The gptext.get_field_type()
convenience function retrieves the field type definition for a field type from the managed-schema file for an index, as a JSON string. This example shows the field type definition for the Solr text
field type.
#= SELECT * FROM gptext.get_field_type('demo.wikipedia.articles', 'text');
field_type
-------------------------------------------------
{
"name": "text",
"class": "solr.TextField",
"indexAnalyzer": {
"tokenizer": {
"class": "solr.WhitespaceTokenizerFactory"
},
"filters": [
{
"class": "solr.StopFilterFactory",
"attributes": [
{
"name": "words",
"value": "stopwords.txt"
},
{
"name": "ignoreCase",
"value": "true"
}
]
},
{
"class": "solr.WordDelimiterFilterFactory",
"attributes": [
{
"name": "catenateNumbers",
"value": "1"
},
{
"name": "generateNumberParts",
"value": "1"
},
{
"name": "splitOnCaseChange",
"value": "1"
},
{
"name": "generateWordParts",
"value": "1"
},
{
"name": "catenateAll",
"value": "0"
},
{
"name": "catenateWords",
"value": "1"
}
]
},
{
"class": "solr.LowerCaseFilterFactory"
},
{
"class": "solr.KeywordMarkerFilterFactory",
"attributes": [
{
"name": "protected",
"value": "protwords.txt"
}
]
},
{
"class": "solr.PorterStemFilterFactory"
}
]
},
"queryAnalyzer": {
"tokenizer": {
"class": "solr.WhitespaceTokenizerFactory"
},
"filters": [
{
"class": "solr.SynonymFilterFactory",
"attributes": [
{
"name": "expand",
"value": "true"
},
{
"name": "ignoreCase",
"value": "true"
},
{
"name": "synonyms",
"value": "synonyms.txt"
}
]
},
{
"class": "solr.StopFilterFactory",
"attributes": [
{
"name": "words",
"value": "stopwords.txt"
},
{
"name": "ignoreCase",
"value": "true"
}
]
},
{
"class": "solr.WordDelimiterFilterFactory",
"attributes": [
{
"name": "catenateNumbers",
"value": "0"
},
{
"name": "generateNumberParts",
"value": "1"
},
{
"name": "splitOnCaseChange",
"value": "1"
},
{
"name": "generateWordParts",
"value": "1"
},
{
"name": "catenateAll",
"value": "0"
},
{
"name": "catenateWords",
"value": "0"
}
]
},
{
"class": "solr.LowerCaseFilterFactory"
},
{
"class": "solr.KeywordMarkerFilterFactory",
"attributes": [
{
"name": "protected",
"value": "protwords.txt"
}
]
},
{
"class": "solr.PorterStemFilterFactory"
}
]
},
"attributes": [
{
"name": "autoGeneratePhraseQueries",
"value": "true"
},
{
"name": "positionIncrementGap",
"value": "100"
}
]
}
(1 row)
The gptext.analyzer()
function lets you test an analyzer chain for a field without altering the index.

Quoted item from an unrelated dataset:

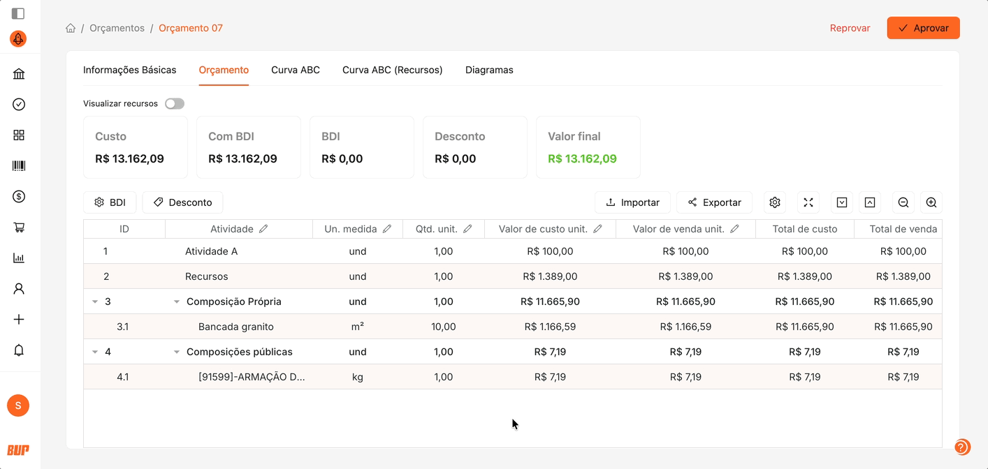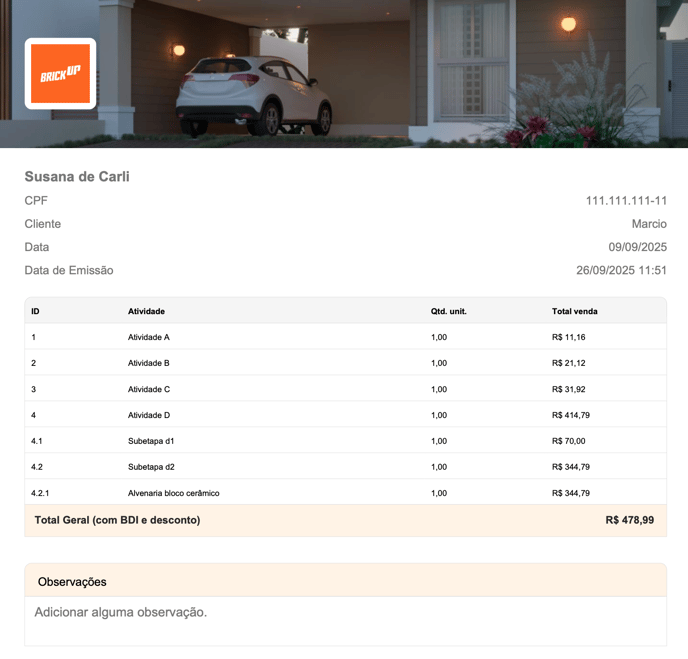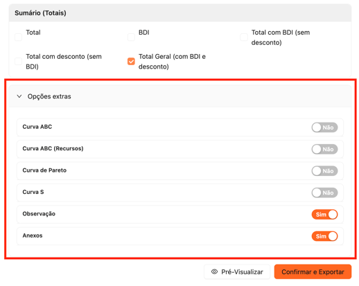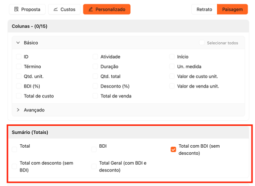 Na seção Sumário (Totais), você pode incluir os totais gerais do orçamento — com ou sem aplicação de BDI e descontos — garantindo flexibilidade na apresentação dos números ao cliente ou à equipe interna.

It shows the output of the tokenizer and each filter in the chain. You supply the text to analyze and specify whether to test the index or the query analyzer chain. It is useful for testing tokenizers and filters and for troubleshooting search queries that do not return the expected results.
=# SELECT * FROM gptext.analyzer('demo.wikipedia.articles', 'index',
'If You Optimize Everything, You will Always be Unhappy.');
class | tokens
------------------------+-----------------------------------------------------------------------------------------------
WhitespaceTokenizer | {{"If"},{"You"},{"Optimize"},{"Everything,"},{"You"},{"will"},{"Always"},{"be"},{"Unhappy."}}
StopFilter | {{},{"You"},{"Optimize"},{"Everything,"},{"You"},{},{"Always"},{},{"Unhappy."}}
WordDelimiterFilter | {{},{"You"},{"Optimize"},{"Everything"},{"You"},{},{"Always"},{},{"Unhappy"}}
LowerCaseFilter | {{},{"you"},{"optimize"},{"everything"},{"you"},{},{"always"},{},{"unhappy"}}
SetKeywordMarkerFilter | {{},{"you"},{"optimize"},{"everything"},{"you"},{},{"always"},{},{"unhappy"}}
PorterStemFilter | {{},{"you"},{"optim"},{"everyth"},{"you"},{},{"alwai"},{},{"unhappi"}}
(6 rows)
In addition to the text analyzer chains Solr provides, VMware Greenplum Text provides the following text analyzer chains:
text_intl
is the default VMware Greenplum Text analyzer. It is a multiple language text analyzer for text
fields. It handles Latin-based words and Chinese, Japanese, and Korean (CJK) characters.
text_intl
processes documents as follows.
Note that CJK and non-CJK text are treated as separate tokens. Preserving the original Korean word increases the number of tokens in a document.
Following is the definition from the Solr managed-schema
template.
<fieldType autoGeneratePhraseQueries="true" class="solr.TextField"
name="text_intl" positionIncrementGap="100">
<analyzer type="index">
<tokenizer class="com.emc.solr.analysis.worldlexer.WorldLexerTokenizerFactory"/>
<filter class="solr.CJKWidthFilterFactory"/>
<filter class="solr.LowerCaseFilterFactory"/>
<filter class="com.emc.solr.analysis.worldlexer.WorldLexerBigramFilterFactory" han="true"
hiragana="true" katakana="true" hangul="true" />
<filter class="solr.StopFilterFactory" enablePositionIncrements="true"
ignoreCase="true" words="stopwords.txt"/>
<filter class="solr.KeywordMarkerFilterFactory"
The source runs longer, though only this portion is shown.